Norbert finds himself in a rather literal bind on his way to work. After struggling to break free, of course to no avail, he looks around but sees no one. He takes out his knife in order to start cutting the entangling roots, and at this point more shoot out from the ground, binding him down more thoroughly.

The last he hears is that what he has done to the forests of Tirisfal, both in life and in death, is quite enough. It is then that the earth reclaims him in a rather literal sense. Some may call it poetic justice.

He never saw his assailant, only heard that last remark from her before entering the embrace of true death.
She's just creeping through the shadows, a stealthy midnight stroll through the forest on the way to some enemy intel, and turns a corner without looking. Then whoosh! Chop! Splat! Brains everywhere! Shame she was invisible, or that undead lumberjack might not have split her head open.

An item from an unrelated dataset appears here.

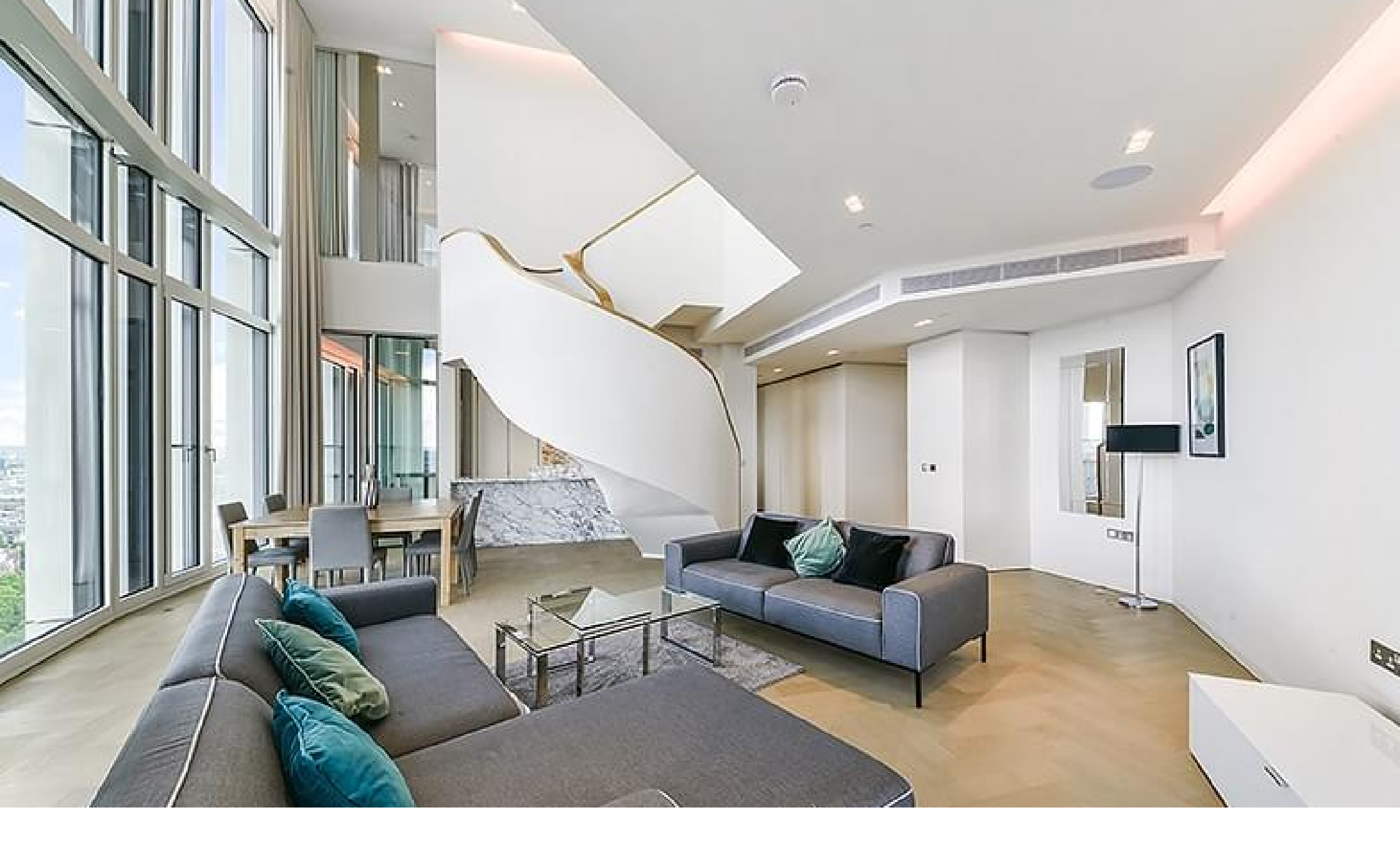
Southbank Tower, Southbank, London SE1

Cathríon would fall by receiving a particularly violent reactionary elbow to the face when flipping Talraea's now exposed ponytail, that inflicts fatal damage.
Last words from Martok the Handsome Peon-Mage "STOP POKING ME !!!!!"
The greatest mistake of Roose was underestimating the enemy.
Accidental drowning from falling into the Stormwind canal and hitting head on a rock. Why?
She was standing at the edge when she saw Roose in his handsome bearded glory and then slipped and fell in when she was going to say hi to him.
Some lady gets dropped on him while he's enjoying the canals in his sloop. She broke the ex-paladin's neck instantly. And then she drowned.